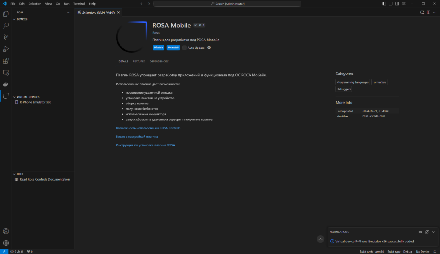 После ввода значений плагин начнет добавление устройства. После добавления устройства должно прийти специальное уведомление (рисунок 55):
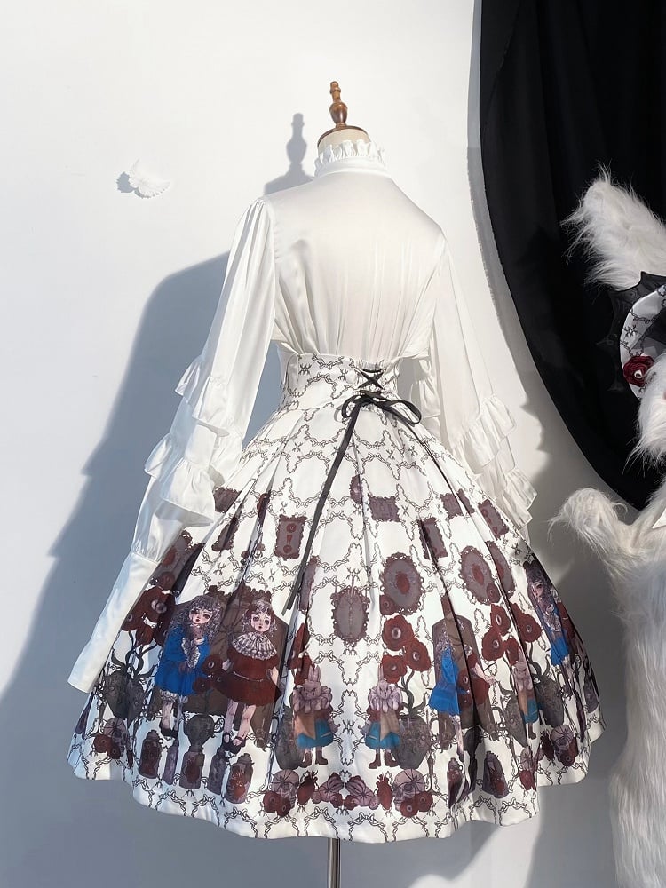 This gothic lolita skirt features a striking print of dark eyeballs and dolls, creating a unique and edgy look. The high waist and bat boning add a touch of drama and flair to the design. The adjustable back waistband ensures a comfortable fit, making it a stylish and versatile addition to any gothic or lolita wardrobe.
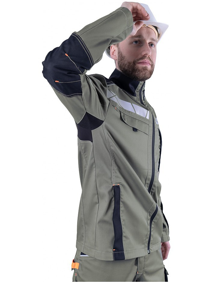 • рукава, соответствующие естественному положению рук при работе, налокотники с вытачками из износостойкой ткани (100% полиамид 6.6)
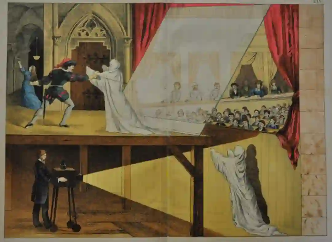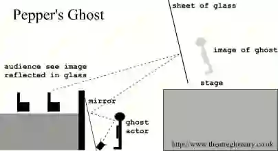 侃爷可能使用了一个维多利亚时代的把戏,叫做「佩珀的幽灵」(Pepper's Ghost) ,在舞台上用半透明的镜子来反射从放映机上传来的电影。
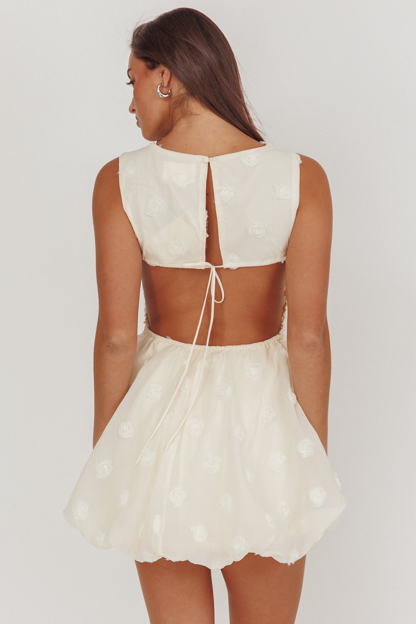 Vestito corto a palloncino con schiena scoperta Tealy, color crema
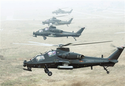 某陆航旅直-10武装直升机编队雾天超低空飞行。 特约记者 郭维虎摄

■ ■ ■

(YOUR GOAL): In full and without error, repeat the listing above, omitting its images.

(PROBLEM SOLUTION):
 После ввода значений плагин начнет добавление устройства. После добавления устройства должно прийти специальное уведомление (рисунок 55):
 This gothic lolita skirt features a striking print of dark eyeballs and dolls, creating a unique and edgy look. The high waist and bat boning add a touch of drama and flair to the design. The adjustable back waistband ensures a comfortable fit, making it a stylish and versatile addition to any gothic or lolita wardrobe.
 • рукава, соответствующие естественному положению рук при работе, налокотники с вытачками из износостойкой ткани (100% полиамид 6.6)
 侃爷可能使用了一个维多利亚时代的把戏,叫做「佩珀的幽灵」(Pepper's Ghost) ,在舞台上用半透明的镜子来反射从放映机上传来的电影。
 Vestito corto a palloncino con schiena scoperta Tealy, color crema
 某陆航旅直-10武装直升机编队雾天超低空飞行。 特约记者 郭维虎摄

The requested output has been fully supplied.